23 JANUARY 1942, Page 9

I am well aware that the cultivation of these three

qualities produces in the professional diplomatist a habit of colourless scepticism which is highly irritating to all who meet it. He dreads zeal so acutely that he comes to identify it with effort ; his mistrust of sympathy becomes so ingrained that his heart is as a despatch-box, to be opened only by a special key ; his impartiality is so diffused and equable that he regards even the most impassioned causes as the twittering of starlings in the thorns ; and his dislike of intuition makes him slow to accept ideas. I do not believe, however, that these grave defects can without danger be remedied by the injection of feminine enthu- siasm into the Foreign Service. Women will do well in the Foreign Office at home: they make excellent foreign correspon- dents: but not diplomatists. I believe that the necessary reforms are those which I understand are contained in Sir Malcolm Robertson's repo -t and which Mr. Eden is anxious to bring into operation.
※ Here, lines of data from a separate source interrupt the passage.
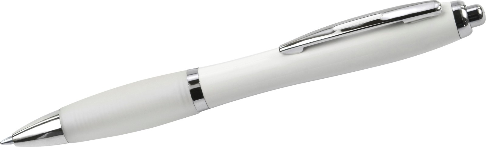 Esferográfica ABS reciclada com grip de borracha. Tinta azul.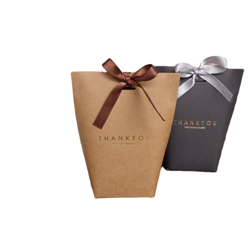 Custom Logo Black Kraft Paper Cardboard Wedding Gift Box Classic Style Candy Bag Ribbon 'Merci' for Thank You Candle Gifts Craft
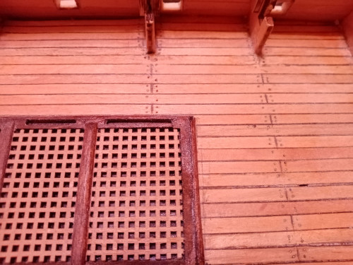 На фото имитация нижней палубы. Берёза, карандаш и раскладка и нагели, ничем не покрыта. Конечно фото не айс, но другого нет.
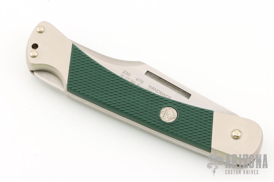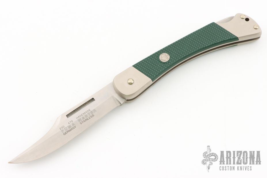 This 470 Puma Master by Puma Knives features a satin finished clip point blade with nail nick. They have nickel silver frame with green insets. Has a couple light scuffs, otherwise excellent condition.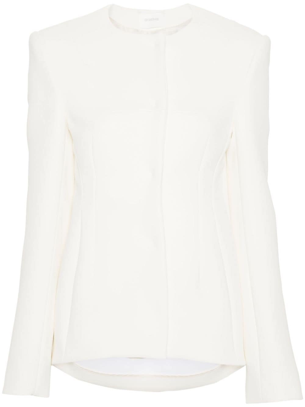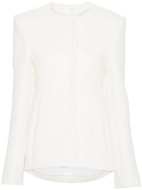 dart-detail fitted jacket Highlights - Ivory white - Crepe texture - Round neck - Dart detailing - Shoulder pads - Long sleeves - Rear pleat detailing - Partial lining - Straight hem - Concealed press-stud fastening Made in Italy Composition Lining: Acetate 69%, Cupro 31% Outer: Polyester 100% SIZE & FIT Model measurements Height 5 ft 10 in(1.78 m) Bust/Chest 33.07 in(84 cm) Hips 35.82 in(91 cm) Waist 25.98 in(66 cm) FittingInformation Designed to be unstructured, offering a loose fit throughout The internal shoulder pads offer a structured shape Made from a midweight non-stretch fabric This piece fits true to size – take your usual size
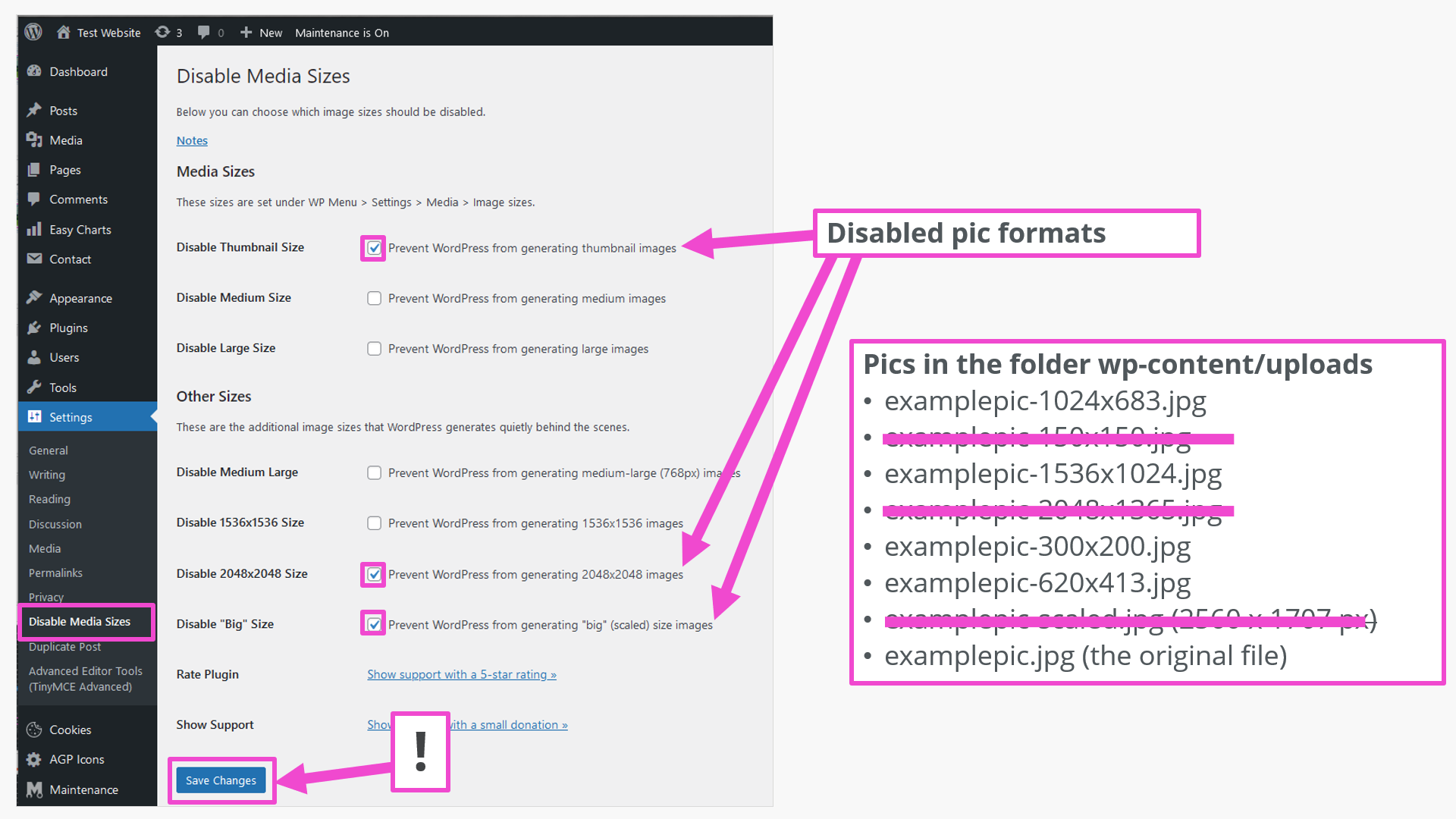 Det enklaste sättet att inaktivera standardbildstorlekarna är att använda pluginet ”Disable Media Sizes ”. I dess inställningar listas också alla sju genererade bildformat.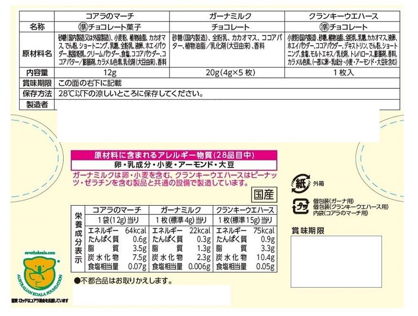 - (コアラ12g・ガーナ4g×5枚・クランキーウエハース1枚)×48個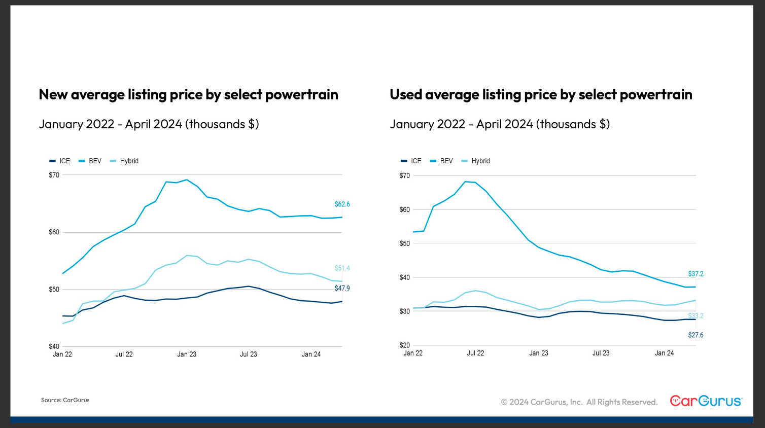 EVs are becoming more affordable, with the average listing price of new EVs dropping 5% YoY in April, marking the eighth consecutive month of decline. Used EV prices have also fallen significantly, decreasing 19% YoY for the 17th consecutive month. The price gap between used gas vehicles and fully electric vehicles has shrunk by 74% since June 2022. Among the top ten used vehicles with the largest price drops in April 2024, all but one were EVs, with prices falling between 30% and 38% YoY. Additionally, the availability of used EVs has increased, and many are now eligible for the used EV tax credit, with 36% of all EV listings priced under $25,000 (up from 18% the previous year). As prices have decreased, interest in used EVs has surged, with views on CarGurus up 36% YoY in the first quarter of 2024.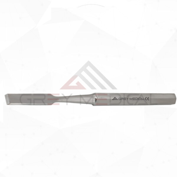 GreyMedical® Introducing Hibbs Osteotome (28.0 cm), which is used in neuro surgery, is a versatile surgical instrument designed for precise bone manipulation. Measuring 9 1/4” overall, it features a straight blade that is 19.0 mm wide and a hexagonal handle for improved control.  Hibbs Osteotome is made for use in neurosurgical procedures that require scraping or chiseling through bone. This osteotome features a thick handle for ease in gripping and maneuverability. The handle narrows into a slim neck which widens out again into a chisel type blade. Additionally the blade features a slight curvature increasing its ability to be used to strip or scrape away layers of bone and tissue.  Also, it is crafted from premium surgical-grade stainless steel, featuring a satin finish that ensures the best possible quality.
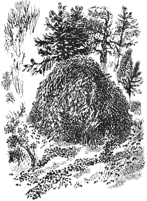 Вперёд и назад торопятся муравьи: вперёд налегке — назад с добычей. Я посмотрел назад и увидел большой муравейник. Там у самой муравьиной тропы птичка — лесной конёк. Она нагибается и хватает Муравьёв одного за другим.

The fault of our Diplomatic Service in former days was that the young were given too few opportunities and that the old were far too safe. As a result, the more energetic among the young members tended at a certain stage to drift off into other professions, whereas those who remained felt assured that so long as they avoided zeal, sympathy and intuition they would in the end obtain their Embassy or their Legation. By the fusion of the Diplomatic with the Consular Service the Secretary of State will have at his disposal both a greater number of posts and a greater number of people. The old disadvantage, under which there was too little chance at the bottom and too much chance at the top, will thereby be largely removed. The young man, who in former days became either impatient or inert as an eternal Secretary of Embassy, will derive new zest from being appointed Vice-Consul at Adana or Hamadan. The older man will learn that, unless he takes more trouble to be active and up to date, he will end, not in some comfortable Legation, but in premature retirement at Weston-super-Mare. I feel certain that by these methods a magnificent Foreign Service will gradually be created ; but it will never be a service in which women will find the most useful scope for their genius.